Zorach v. Clauson
Supreme Court Upholds "released Time" Program
Zorach based his suit on the Establishment Clause of the First Amendment, which holds that: "Congress shall make no law respecting an establishment of religion . . . " Since the days of Thomas Jefferson, this clause of the Constitution has been interpreted to mean that "a wall of separation" exists between church and state. And since the Court decided Everson v. Board of Education in 1947, government has had to maintain an attitude of strict neutrality towards religion in order to keep that wall up.
The effort with regard to public schools has been especially fraught. In 1948, the Court considered the first of its "released time" cases, Illinois ex rel. McCollum v. Board of Education, in which religious instruction provided to public school students by independent teachers on school grounds was struck down. Just four years later, in Zorach, however, the Court upheld a similar "released time" program. The only obvious difference between the two programs was that in Zorach the religious instruction took place away from school property.
It is not easy to square Zorach with McCollum. Indeed, in later years, Justice Douglas, the author of the majority opinion in Zorach disavowed what he had to say there. But Douglas's opinion itself contains indications of why the Court has not only not reversed Zorach, but subsequently expanded upon it:
We would have to press the concept of separation of Church and state to . . . extremes to condemn the present law on constitutional grounds . . . In each case the teacher requires parental consent in writing. In each case the teacher, in order to make sure the student is not a truant, goes further and requires a report from the priest, the rabbi, or the minister. The teacher in other words cooperates in a religious program to the extent of making it possible for her students to participate in it. Whether she does it occasionally for a few students, regularly for one, or pursuant to a systematized program designed to further the religious needs of all the students does not alter the character of the act.
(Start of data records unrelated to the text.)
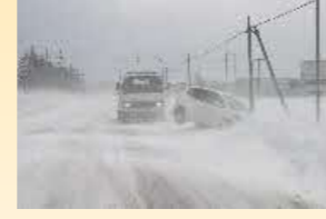
2013年 道東 ←暴風雪
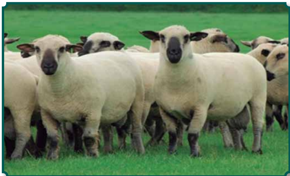
Foto 3. Carneros Hampshire Down.
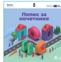
Попис за почетнике
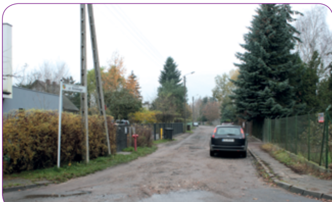
Przetarg na budowę ul. Solskiego jest w trakcie weryfikacji.
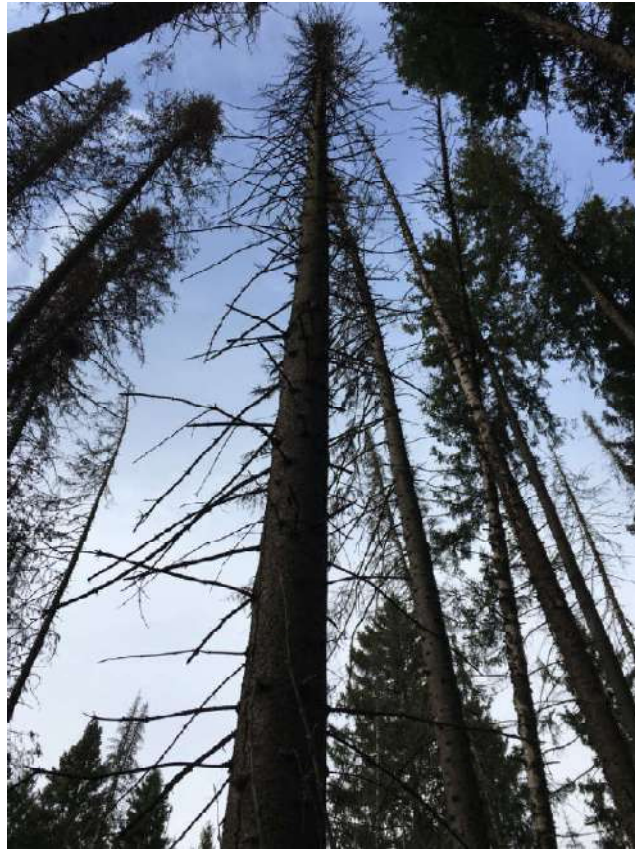
Аварийное дерево №20
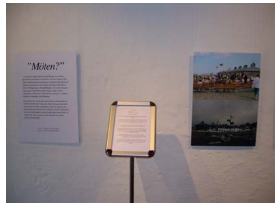
Österlens museum utställningen "Möten" (fig 3 & 4).

Denna utställning visar fotografier med beskrivande text, men utställningen kan ge känslan av något stelt och avskalat. Man kan få känslan att man behöver visningar för att få mer information och på så vis levandegöra utställningen. Vid vissa datum anordnar museet stadsvandringar och det hade varit ypperligt att sammanföra utställningen med just dessa för att föra ut museet i stadsrummet.
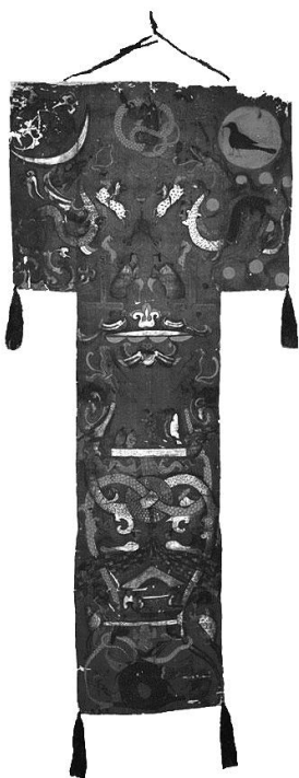
(圖一) 長沙馬王堆一號墓T形帛畫
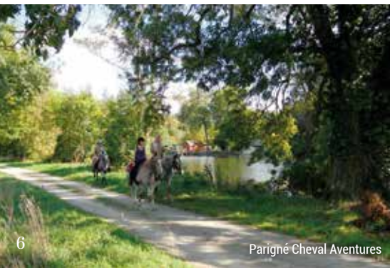
Parigné Cheval Aventures

www.sarthe-tourisme.com/randonnees-equestres
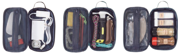
デジタルガジェットを 入れて。 キャンプ用品を入れて。 調理器具を入れて。
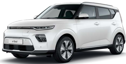
Perleťová Bílá Snow (SWP)
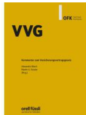
VVG Kommentar Ladenpreis: 183,00EUR
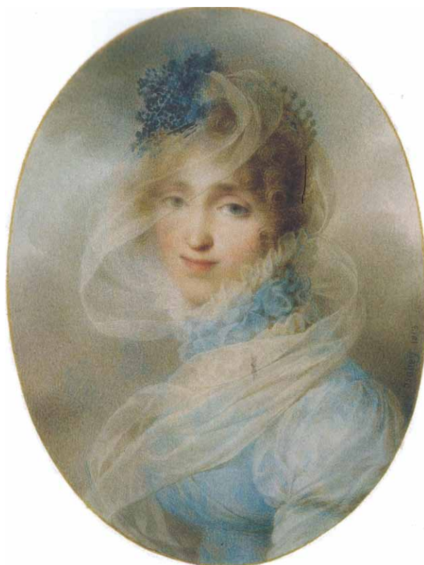
L'HORTENSIA TIRERAIT-IL SON NOM DE CELUI DE LA REINE HORTENSE (PORTRAIT PAR JEAN-BAPTISTE ISABEY)?
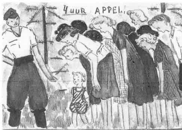
Het dagelijks appèl in Ambarawa 6
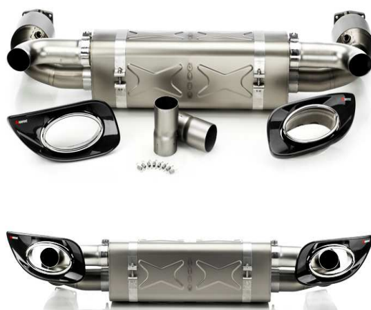
Slip-ON + Link Pipe
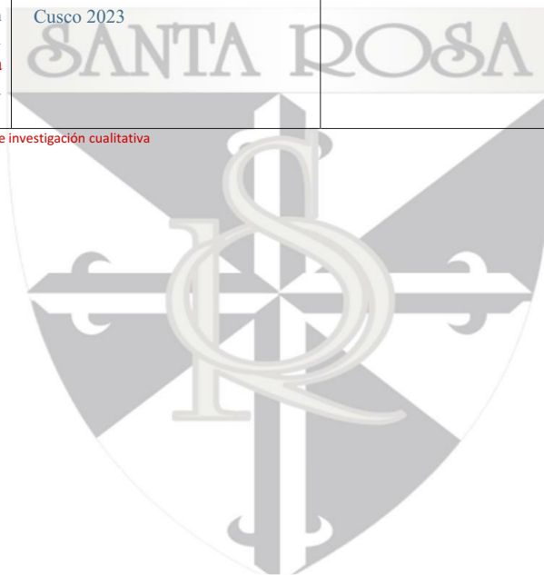
Tabla 6 Matriz de consistencia lógica de investigación cualitativa
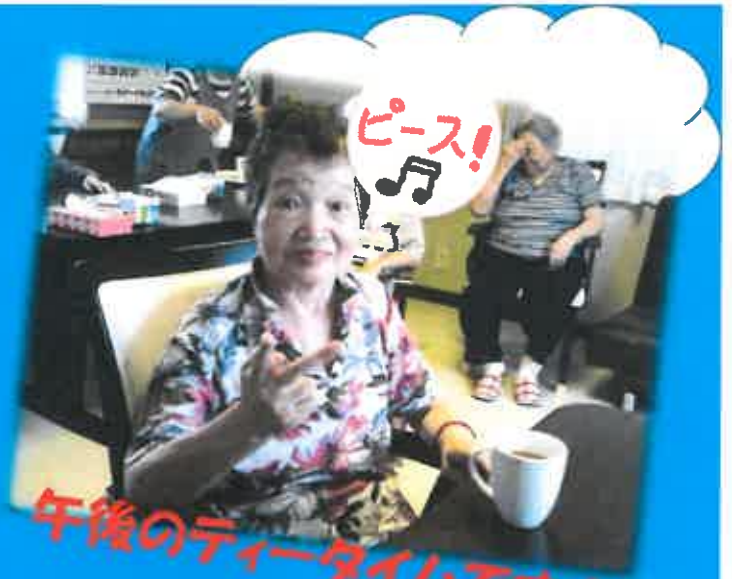
午後のティータイムです！
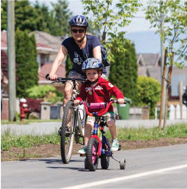
鐵路綠色走廊 (Railway Greenway)

列治文地勢平坦，非常適宜騎單車，市內也有由道路單車線、郊外單車徑及綠色走廊組成的廣大網絡。在列治文騎單車必須配戴頭盔，除非這樣做會影響到必要的宗教行為。騎單車時沒有配戴頭盔，可能會被罰款。有關單車路線、安全提示及規則的資訊，請瀏覽： www.richmond.ca/cycling
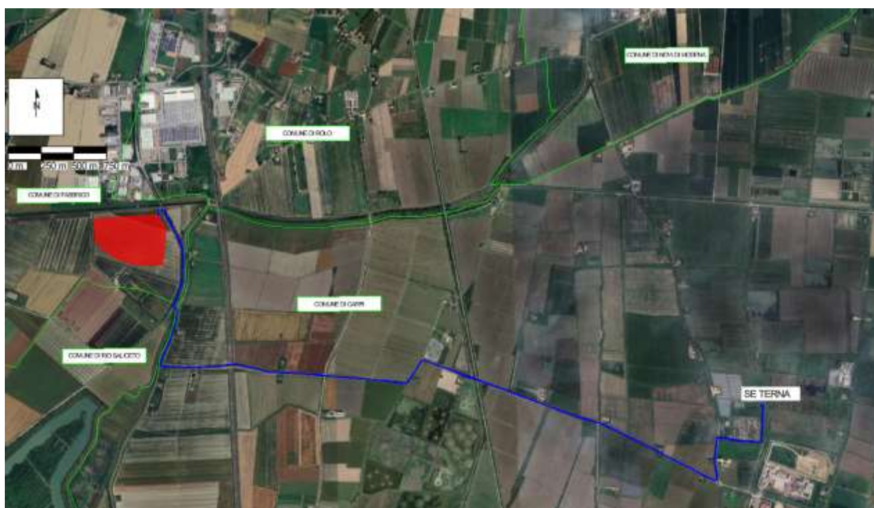
Figura 2: Area di impianto (in rosso) e del tracciato del cavidotto di connessione alla rete (in blu)

Di seguito il tracciato dei cavidotti in progetto (cfr. elaborato "FAB.ENG.TAV.006_Planimetria cavidotti impianto"):
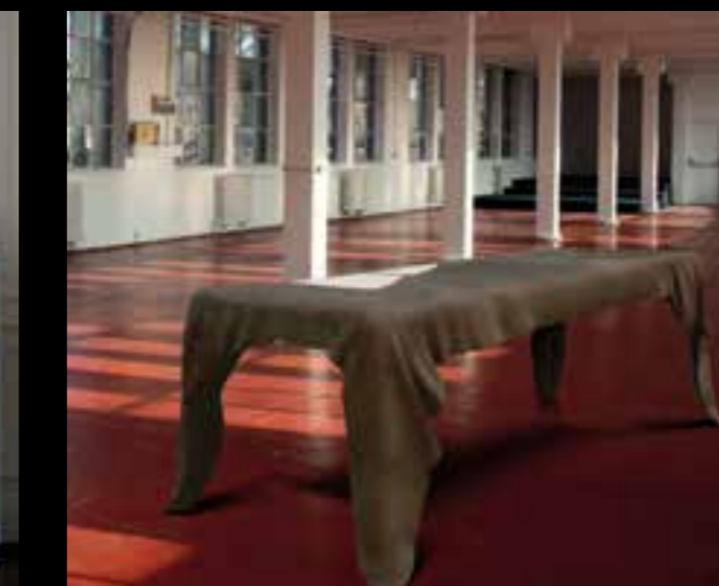
TWAYA design Ferruccio Laviani
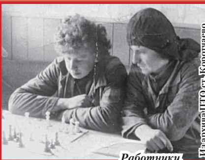
Работники вагонного депо в обеденный перерыв, ст. Коротчаево, 1988 г.
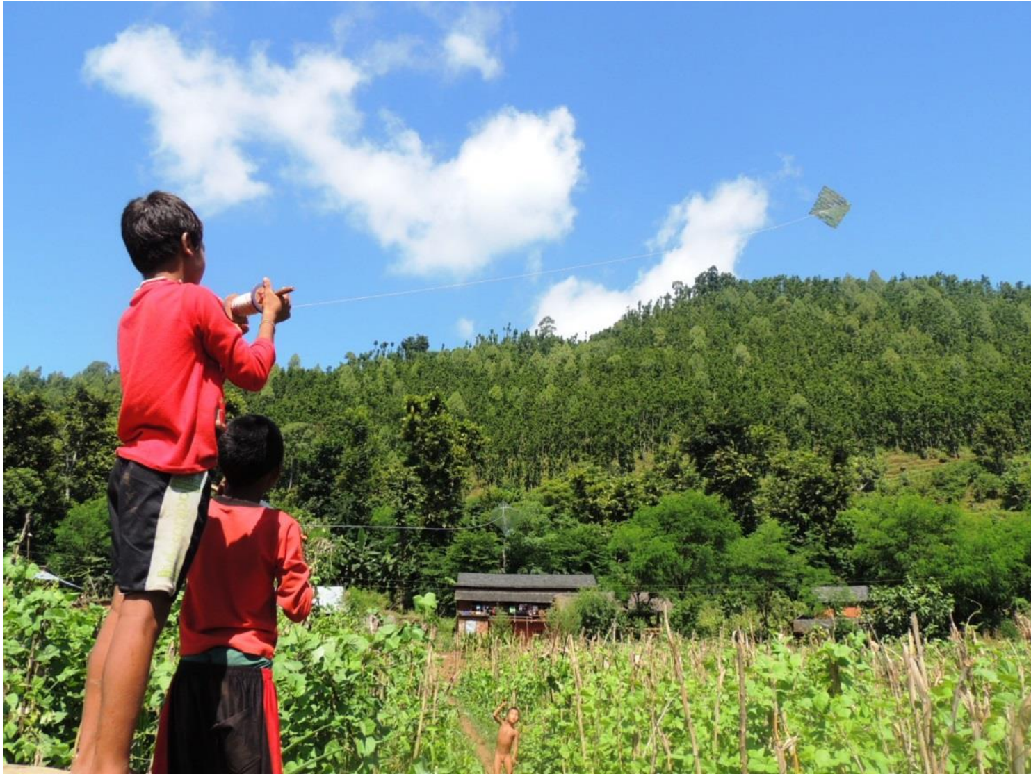
2012年9月 / ネパール・ダディン郡 / 撮影者 東航平

僕たちも休みの日は遊びます。川で泳いだり、サッカーをしたりします。 秋になるとお店で凧が売られます。どこまで飛ぶか、みんなで勝負します。
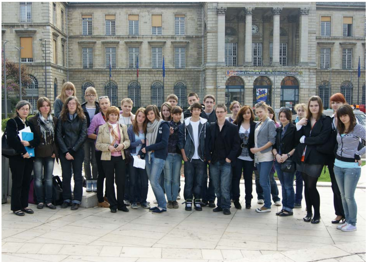
Devant la mairie de Rouen

Le programme d'excursions les a amenés à visiter Rouen, capitale de la Haute-Normandie et ses maisons à colombages
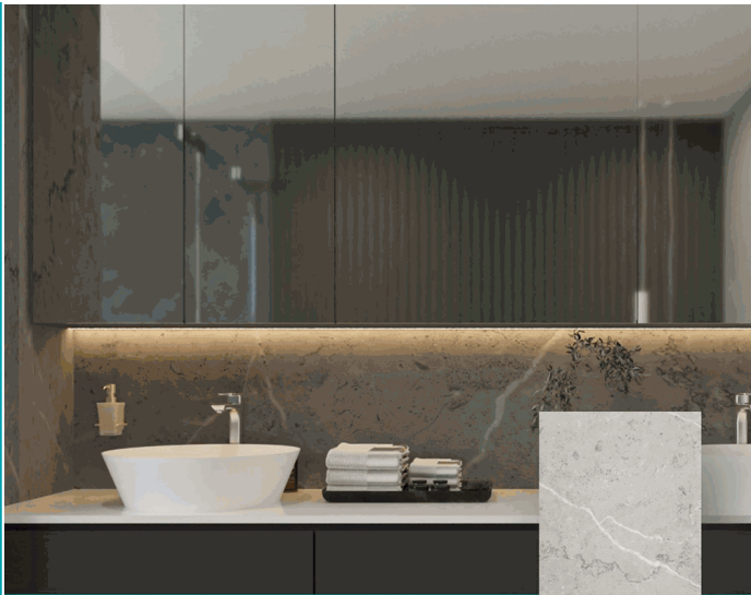
DE028 Panel Alternative Wall Mármol PVC Glossy Caliza 1220x2800x4mm
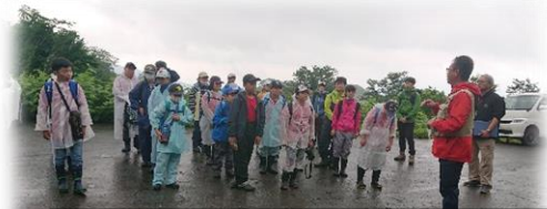
雨の中のフラワートレッキング
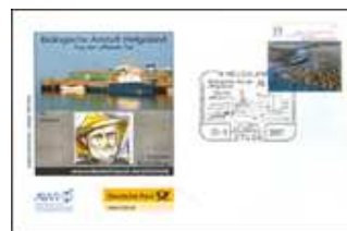
Biolog. Anstalt Helgoland SSt Helgoland 22.9.2007 BD-DP K 220907 ausv.
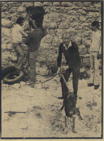
כלב ב' מוצא מהכאר מכלא לדרור
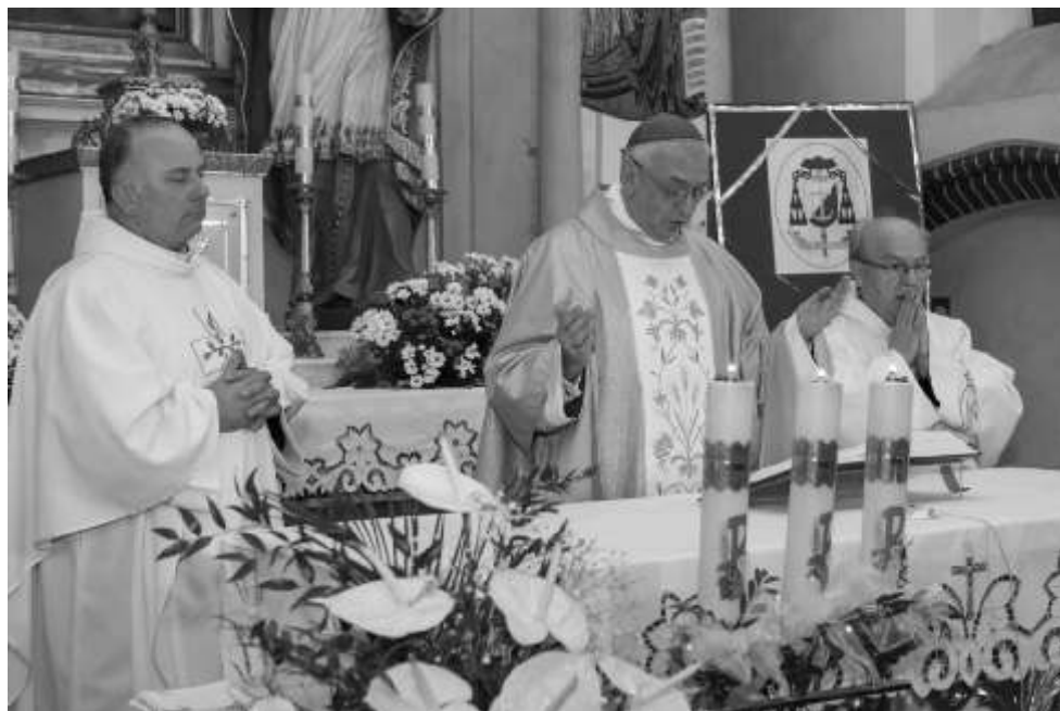
Msza wiwatowa prowadzona przez ks. Biskupa
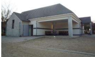
自由広場 休憩棟 (倉敷スポーツ公園)
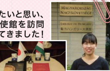
駐日ハンガリー大使館
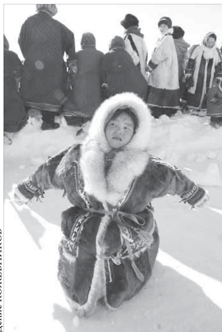
Таймырцы ждут гостей

Добавим, что в этот день по зимнику на Енисее введут ограничения по движению транспорта. А добраться от центральной праздничной площадки до этнического стойбища можно будет специальными автобусами.
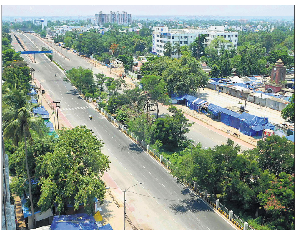
ରାଜମହଲରୁ ଏକ ଛକ ଶୁନିଟ୍।
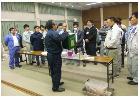
【講習】油類による水質事故対応
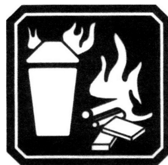
FUEGO CLASE A

Los agentes extintores más utilizados para combatir este tipo de fuego son Agua, Polvo Químico Seco multipropósito y espumas.

The difference between the situations in McCollum and Zorach was the manner in which students confirmed participation. In McCollum the students had to opt out, and in the latter students had to make an affirmative effort to participate. The decision to engage in religious activities during school hours, in other words, was theirs and their parents'. This line of thought eventually led, in Lemon v. Kurtzman (1971), to the Lemon test for acceptable state accommodation of religion. In order for a statute or program not to violate the Establishment Clause, it must meet three requirements: 1) it must have a secular legislative purpose; 2) its primary purpose must neither advance nor inhibit religion; and 3) it must not foster excessive government entanglement with religion.
It is this third prong of the Lemon test that evolved from Zorach. If students--or better yet, their more independent parents--make the decision to participate in religious activities only tangentially connected with the public schools, then the government itself avoids "excessive entanglement." Such thinking has led to decisions like Board of Education v. Mergens (1990), in which the Court upheld prayer meetings organized and held at a public high school during an "activity period" when students were free to attend a wide variety of other, secular events.